Além disso, o fundo de resgate também pode gerar excedente financeiro, ou seja, pode render além dos 3% mais IPCA. Nesse caso, o valor costuma ser repassado pelas seguradoras aos clientes, engordando a reserva disponível para resgate, mas a regra de distribuição do excedente financeiro varia de companhia para companhia —é preciso se informar no momento da contratação do seguro.

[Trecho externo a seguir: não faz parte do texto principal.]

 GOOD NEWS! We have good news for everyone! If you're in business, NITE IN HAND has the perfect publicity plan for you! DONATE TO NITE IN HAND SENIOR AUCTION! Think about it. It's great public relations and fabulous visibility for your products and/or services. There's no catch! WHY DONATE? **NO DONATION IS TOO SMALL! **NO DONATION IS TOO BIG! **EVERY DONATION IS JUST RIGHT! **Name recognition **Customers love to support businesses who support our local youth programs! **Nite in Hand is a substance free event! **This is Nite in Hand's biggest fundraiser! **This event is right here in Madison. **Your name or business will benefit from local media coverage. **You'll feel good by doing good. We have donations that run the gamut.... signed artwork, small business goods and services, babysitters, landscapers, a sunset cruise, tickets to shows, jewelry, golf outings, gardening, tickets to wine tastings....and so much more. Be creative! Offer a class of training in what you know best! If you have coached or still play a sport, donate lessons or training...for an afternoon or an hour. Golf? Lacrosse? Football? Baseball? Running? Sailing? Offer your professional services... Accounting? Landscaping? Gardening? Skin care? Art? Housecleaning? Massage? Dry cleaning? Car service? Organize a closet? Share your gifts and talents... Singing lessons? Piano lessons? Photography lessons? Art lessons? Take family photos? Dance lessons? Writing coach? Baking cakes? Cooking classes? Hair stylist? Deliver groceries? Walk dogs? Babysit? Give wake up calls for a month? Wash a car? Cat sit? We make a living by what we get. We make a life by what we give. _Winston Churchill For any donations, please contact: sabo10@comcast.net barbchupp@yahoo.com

“Essa é uma vantagem bastante interessante do seguro resgatável, sem dúvida, pois estamos falando de rentabilidade sobre rentabilidade. Mas é importante o cliente ter em mente que se trata de um seguro, não se deve comprá-lo pensando em fazer um investimento”, afirma Marcelo Eboli, diretor de marketing da Prudential do Brasil Seguros de Vida.

Mudança de faixa etária não encarece as parcelas

Outra vantagem do seguro resgatável é que ele não sofre agravo etário ao longo dos anos, ou seja, a pessoa não paga mais quando muda de faixa etária. Na hora da contratação do produto, a seguradora assume seu risco por um prazo determinado, por isso o valor do seguro não aumenta com o passar do tempo por causa do risco da idade. Há apenas o reajuste da inflação a cada ano.

Essa é uma vantagem que chama a atenção dos novos clientes, já que em alguns casos o valor do seguro de vida tradicional pode subir bastante de um ano para o outro, comprometendo sua capacidade de pagamento. “Eles ficam assustados com a possibilidade de não conseguirem continuar pagando o seguro dependendo do reajuste praticado. No caso do seguro resgatável, como o prêmio de risco é nivelado, sujeito a atualização, o custo é previsível, por isso o preço não muda”, explica Claudio Leão Feitosa, diretor da Bradesco Vida e Previdência.

Os prazos das apólices variam de seguradora para seguradora —mas, em geral, costumam ir de 5 a 30 anos. É importante ressaltar que, ao chegar ao fim do prazo da apólice, o segurado recebe o valor do resgate por sobrevivência, diferente do seguro de vida temporário tradicional, no qual você não recebe nada no final do período contratado.

Há também no mercado a opção de seguro resgatável com proteção vitalícia. Nesse caso, não há um prazo para o fim do contrato, mas se o cliente quiser resgatar o valor a qualquer momento, poderá cancelar a apólice e solicitar o dinheiro do resgate. Se não o fizer, o seguro continuará valendo, como um seguro de vida tradicional. “Isso não significa que ele vai ter de pagar pelo seguro a vida toda. Nós determinamos o período em que ele pagará pelo seguro vitalício e, quando o prazo de pagamento terminar, ele continuará protegido”, afirma Carolina, da Mongeral Aegon.

Vale a pena destacar que cada seguradora possui suas especificidades com relação às condições do seguro. Há algumas que, inclusive, preveem o resgate de parte do capital segurado em caso de acometimento de doenças graves, como câncer. Neste caso, o percentual de resgate em vida e o de manutenção para uso dos beneficiários variam de empresa para empresa.

Tudo deve ser detalhado na hora da contratação do seguro. O processo pode ser feito diretamente com as empresas e os preços variam, já que o custo do seguro resgatável leva em consideração detalhes pessoais de cada um, é personalizado. O valor do seguro tradicional será menor nas primeiras contribuições, mas, em função dos reajustes por idade ao longo do tempo, o custo no longo prazo ficará muito mais caro, chegando, em alguns produtos, a ser até três vezes maior do que o do seguro resgatável.

“É fundamental que as pessoas entendam que o seguro de vida, seja ele resgatável ou não, tem que fazer parte de um planejamento financeiro maior”, diz Eboli, da Prudential. “Tem muita gente que pensa que por ter um patrimônio enorme, não precisa de seguro de vida, o que é errado.”